@monty,
A few observations from my perspective:
- If you truly believe in open sharing of data to leverage university work, then you should switch from Nest to Ecobee. Ecobee offers anonymized user datasets to a curated pool of researchers. I’ve had the pleasure of seeing some of Dr. Chong’s (Cornell) research on the subject of heating and cooling algorithms that has evolved using Ecobee data.
https://www.ecobee.com/wp-content/uploads/2017/01/DYD_Researcher-handbook_R7.pdf
Disclaimer - I gave up on Nest about 3 years ago when they seemingly lost all innovation after the Google acquisition. Ecobee starting offering room sensors then, Google just started. - Read up on MIT and CMU work on REDD and BLUED datasets used for most US university research on electrical disaggregation. Both datasets are straightforward measurements of voltage and current at a 16KHz sample rate, plus ground truth data measurements at either 1 Hz or 1 sample per minute. Even at a 16kHz sample rate (266.67 samples per 60Hz cycle), the researchers do some pre-processing on the data to reduce data size by removing repetitive data, though they offer the raw data as well.
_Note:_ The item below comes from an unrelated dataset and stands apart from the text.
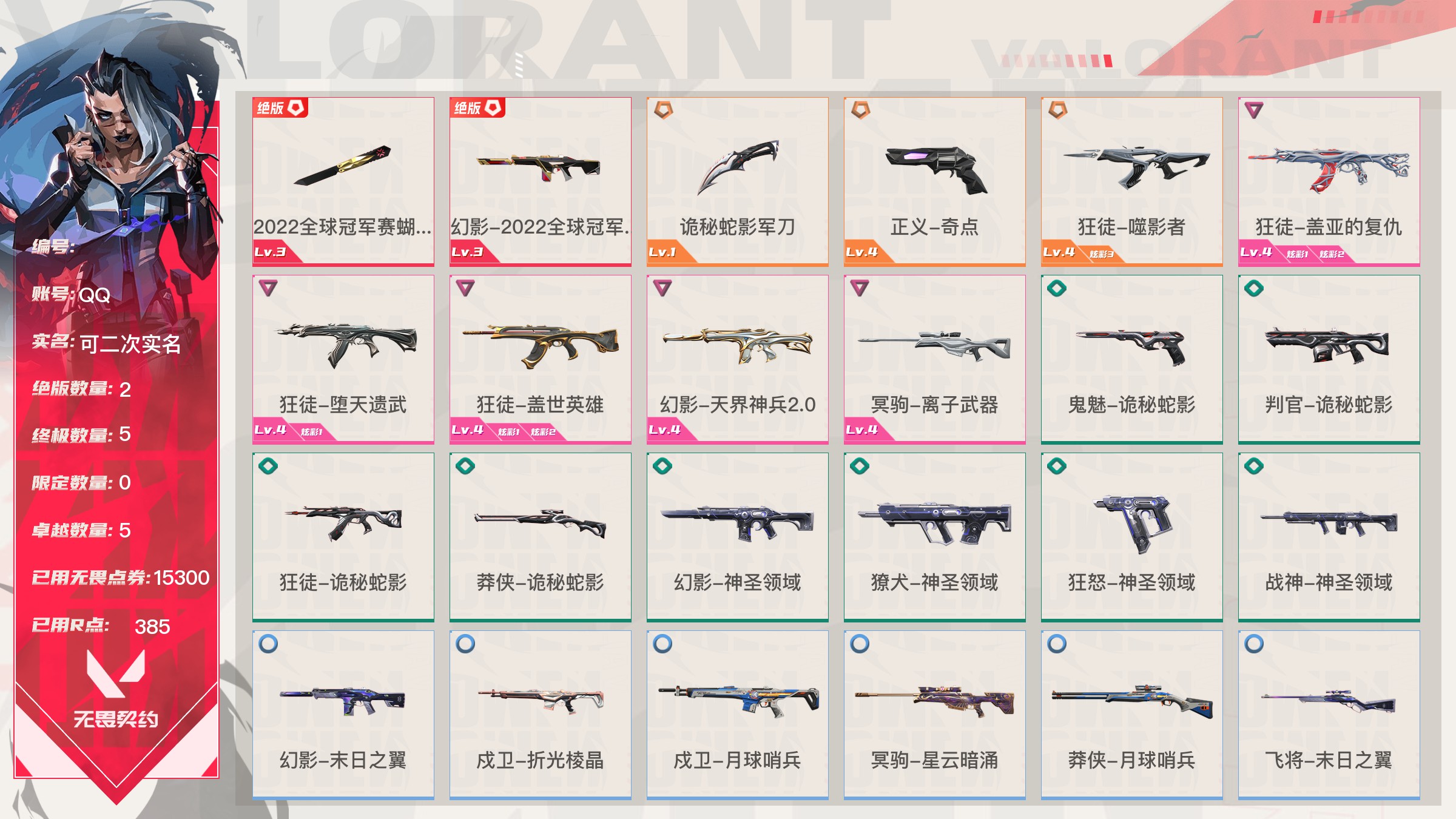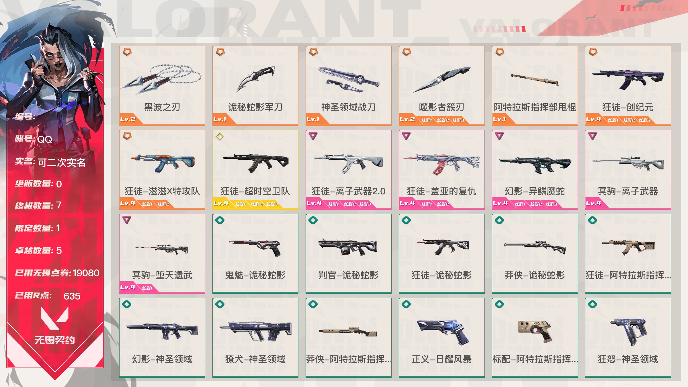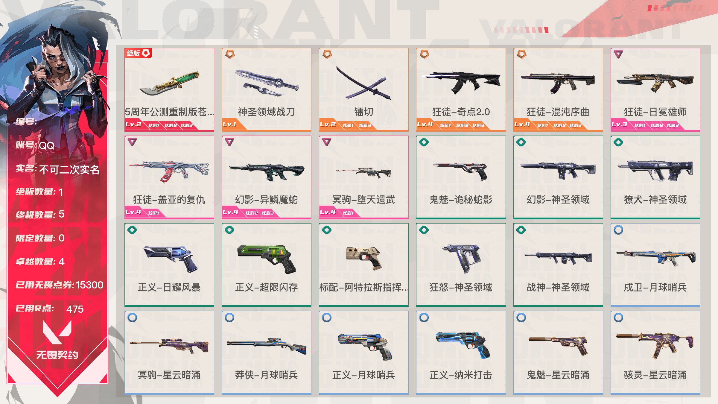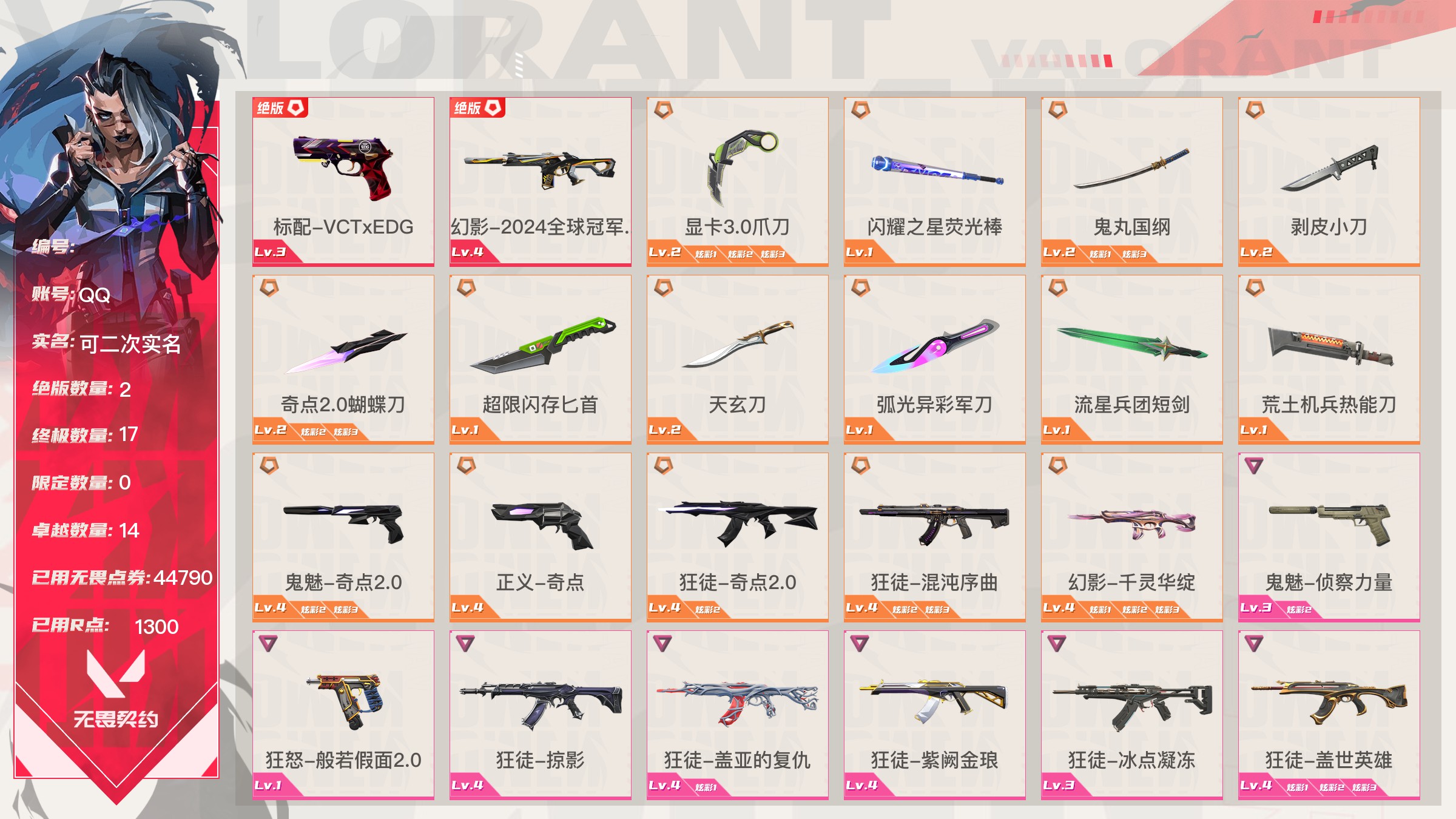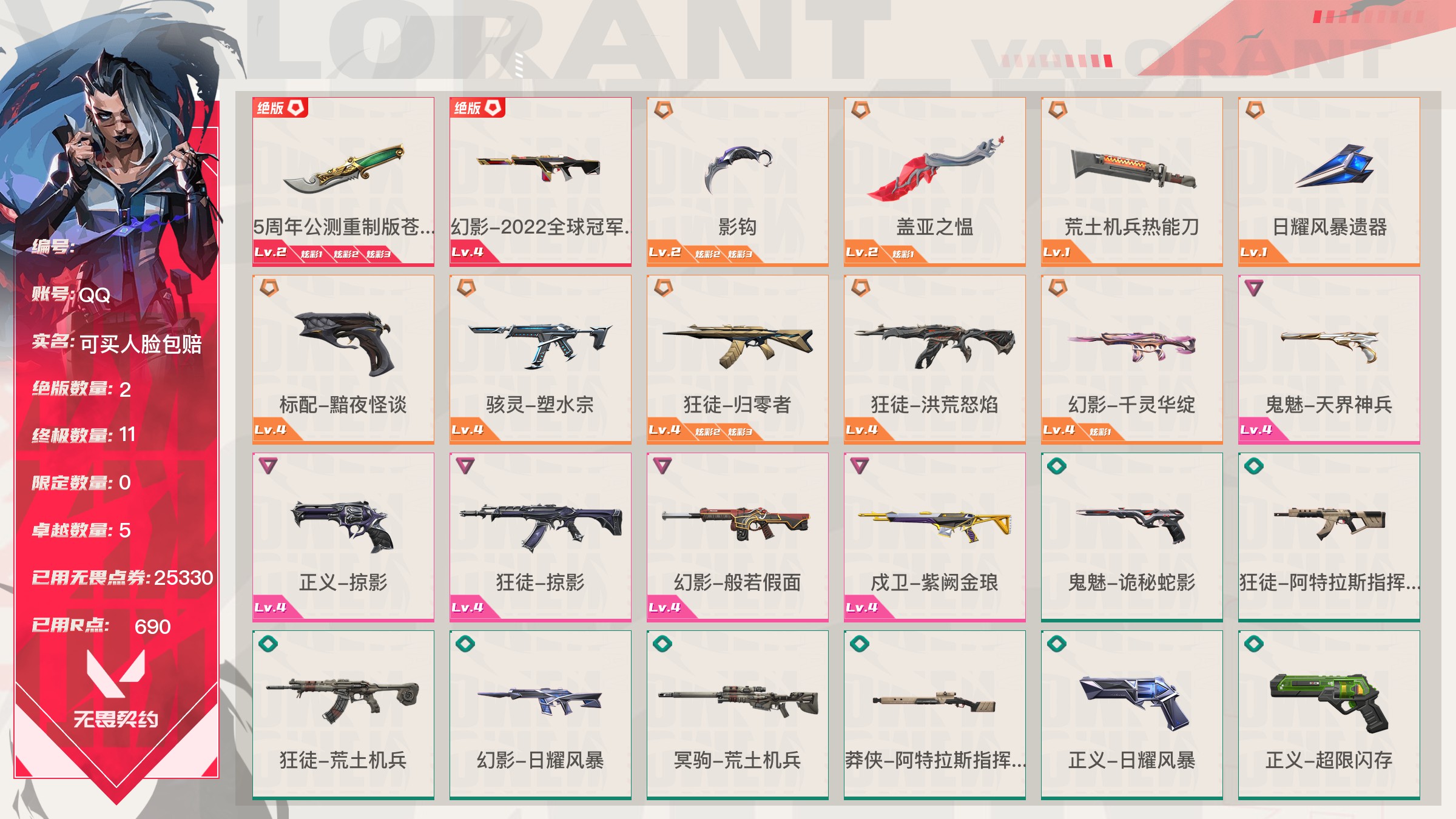 【账号佳】 【可包人脸】【69sjvhc11】lv213|未定级, 刀皮数量28,呛皮数量182(绝版12限定61终极4卓越18);皮肤资产价值149595,已用r点2235;【刀皮】:近战武器-2025全球冠军赛蝴蝶刀,近战武器-2023全球冠军赛苦无,近战武器-2022全球冠军赛蝴蝶刀,近战武器-离火刃,近战武器-vct2025爪刀,近战武器-5周年公测重制版苍龙之刃,近战武器-显卡3.0爪刀,近战武器-闪耀之星荧光棒,近战武器-rgx11zpro2.0蝴蝶刀,近战武器-奇点2.0蝴蝶刀,近战武器-紫金爪刀,近战武器-超限闪存匕首,近战武器-夜刃诡镰,近战武器-天玄刀,近战武器-侦察力量蝴蝶刀,近战武器-堕天遗武仪式匕首,近战武器-影刃,近战武器-合金战车军刀,近战武器-黑波之刃,近战武器-金琅斧,近战武器-荒土机兵热能刀,近战武器-诡秘蛇影军刀,近战武器-神圣领域战刀,近战武器-镭切,近战武器-日耀风暴遗器,近战武器-未来开拓者,近战武器-星际猎兵短剑,近战武器-无畏契约go第一卷苦无; 【呛皮】:标配-vct25xblg,正义-双城之战,狂徒-2025全球冠军赛,狂徒-2023全球冠军赛,幻影-2022全球冠军赛,幻影-2024全球冠军赛,标配-rgx11zpro2.0,鬼魅-奇点2.0,正义-奇点,正义-塑水宗,正义-千灵华绽,正义-西部未来,短炮-洪荒怒焰,骇灵-rgx11zpro2.0,骇灵-塑水宗,判官-偃月苍龙,狂徒-全息波普2.0,狂徒-奇点2.0,狂徒-塑水宗,狂徒-偃月苍龙,狂徒-混沌序曲,狂徒-虚空遗器,狂徒-rgx11zpro,幻影-全息波普2.0,幻影-砰砰x特攻队,幻影-rgx11zpro2.0,幻影-西部未来,獠犬-归零者,冥驹-rgx11zpro2.0,飞将-塑水宗,飞将-西部未来,莽侠-归零者2.0,奥丁-西部未来,鬼魅-源能者娱乐系统,狂徒-艾沃莉的梦之翼,獠犬-源能者娱乐系统,冥驹-源能者娱乐系统,标配-紫阙金琅,鬼魅-盖亚的复仇,鬼魅-耀鳞威龙,正义-离子武器,骇灵-紫阙金琅,蜂刺-天界神兵,狂徒-离子武器2.0,狂徒-盖亚的复仇,狂徒-紫阙金琅,狂徒-堕天遗武,狂徒-海洋之星,幻影-侦察力量,幻影-盖亚的复仇2.0,幻影-异鳞魔蛇,戍卫-紫阙金琅,戍卫-掠影,冥驹-堕天遗武,冥驹-起源,标配-星际猎兵,鬼魅-诡秘蛇影,正义-合金战车,短炮-钢轨卫士,狂怒-钢轨卫士,骇灵-无限竞技,蜂刺-合金战车,蜂刺-弧光异彩,判官-星际猎兵,判官-诡秘蛇影,狂徒-诡秘蛇影,狂徒-弧光异彩,幻影-星际猎兵,幻影-合金战车,獠犬-弧光异彩,飞将-星际猎兵,飞将-合金战车,莽侠-诡秘蛇影,标配-光导纤维,标配-彩梦之城,标配-超能冲撞,鬼魅-数码咒术,鬼魅-信手涂鸦,正义-游戏结束,狂怒-花漾粉红,骇灵-光导纤维,骇灵-花漾粉红,骇灵-信手涂鸦,蜂刺-战术小伙伴,判官-数码咒术,雄鹿-彩梦之城,幻影-战术小伙伴,戍卫-彩梦之城,戍卫-花漾粉红,獠犬-数码咒术,冥驹-花漾粉红,飞将-信手涂鸦,奥丁-战术小伙伴,奥丁-信手涂鸦,战神-数码咒术,狂徒-阿特拉斯指挥部,狂徒-荒土机兵,狂徒-超能偶像,幻影-日耀风暴,幻影-神圣领域,幻影-超限闪存,戍卫-超能偶像,獠犬-神圣领域,冥驹-荒土机兵,莽侠-阿特拉斯指挥部,莽侠-超限闪存,正义-日耀风暴,正义-超限闪存,鬼魅-流星兵团,标配-荒土机兵,标配-超能偶像,狂怒-神圣领域,骇灵-阿特拉斯指挥部,骇灵-日耀风暴,骇灵-荒土机兵,蜂刺-超限闪存,判官-超能偶像,奥丁-日耀风暴,战神-神圣领域,狂徒-瑰梦艺语,幻影-末日之翼,幻影-纳米打击,幻影-聚合之力,戍卫-光环序列,戍卫-太空穿梭,戍卫-甜蜜战术,戍卫-折光棱晶,戍卫-月球哨兵,戍卫-逆冲蛮牛,戍卫-浮光跃金,獠犬-悠闲猫生,獠犬-幻语魔咒,獠犬-逆冲蛮牛,獠犬-模拟赫兹,獠犬-采蜜小蜂队,冥驹-光环序列,冥驹-甜蜜战术,冥驹-星云暗涌,冥驹-模拟赫兹,莽侠-神罚2.0,莽侠-月球哨兵,飞将-悠闲猫生,飞将-幻语魔咒,飞将-末日之翼,飞将-聚合之力,正义-太空穿梭,正义-月球哨兵,正义-纳米打击,鬼魅-瑰梦艺语,鬼魅-甜蜜战术,鬼魅-星云暗涌,鬼魅-模拟赫兹,鬼魅-采蜜小蜂队,标配-折光棱晶,标配-浮光跃金,短炮-悠闲猫生,短炮-末日之翼,狂怒-光环序列,狂怒-幻语魔咒,狂怒-逆冲蛮牛,狂怒-聚合之力,骇灵-瑰梦艺语,骇灵-星云暗涌,骇灵-浮光跃金,蜂刺-折光棱晶,蜂刺-星云暗涌,蜂刺-聚合之力,判官-太空穿梭,判官-甜蜜战术,判官-纳米打击,判官-采蜜小蜂队,雄鹿-瑰梦艺语,雄鹿-幻语魔咒,雄鹿-月球哨兵,雄鹿-逆冲蛮牛,雄鹿-模拟赫兹,奥丁-末日之翼,奥丁-纳米打击,战神-光环序列,战神-太空穿梭,战神-浮光跃金,战神-采蜜小蜂队;【热门卡面】:势不可挡蝰蛇卡面,势不可挡贤者卡面,势不可挡捷风卡面,情人节捷风卡面,双城之战金克丝卡面,势不可挡芮娜卡面,许愿星砂卡面,vct2025cn联赛卡面,vct2025太平洋联赛卡面,vct2025美洲联赛卡面,vct2025emea联赛卡面,势不可挡星礈卡面,西部未来卡面,rgx11zpro2.0卡面,vct25xblg卡面,分崩离析卡面,vctcn首冠卡面,捣蛋鬼出没卡面,超能偶像卡面,塑水宗卡面,势不可挡零卡面,双城之战谜团卡面,离火刃凰卡面,离火刃凤卡面;【热门挂饰】:v25第三幕神话挂饰,科尔宾之光挂饰,神中神挂饰,飞刀挂饰,vct2025cn联赛挂饰,vct2025太平洋联赛挂饰,vct2025emea联赛挂饰,vct2025美洲联赛挂饰,西部未来挂饰,rgx11zpro2.0挂饰,vctxblg挂饰,双面黑猫挂饰,奇点2.0挂饰,鱼骨头挂饰,袖珍捷风挂饰,糖葫芦挂饰,超能偶像挂饰,传世莲华挂饰,塑水宗挂饰,魄月玄兔挂饰,全球冠军赛方块挂饰,数码咒术挂饰;【热门喷漆】:来点朋克喷漆,2022全球冠军赛喷漆,捷风跳peek喷漆,皮蛋萌舞喷漆,捷风喷漆,无条件投降喷漆,西部未来喷漆,rgx11zpro2.0喷漆,真烦人

http://redd.csail.mit.edu/readme.txt - Sense is specced at sampling 4M data points per second, or a 1 MHz sample rate (2 voltage samples and 2 current samples). Given that data measurement rate vs the Sense data upload rate several users have metered, the Sense probe is clearly doing lots of pre-processing of the raw current and voltage measurements to extract relevant features and minimize the amount of data uploaded. I’m sure this reduced format and associates processing are part of Sense’s secret sauce. Researchers couldn’t use it without deep explanations of the preprocessing and the format is likely subject to change (firmware update anyone).
- What’s more, is that university bound data sets would likely require ground truth measurements for all of the end devices. Very few researchers would want to initially jump into the game with an gigantic, completely untagged data set. So I don’t think the current Sense dataset is a good match for university sharing.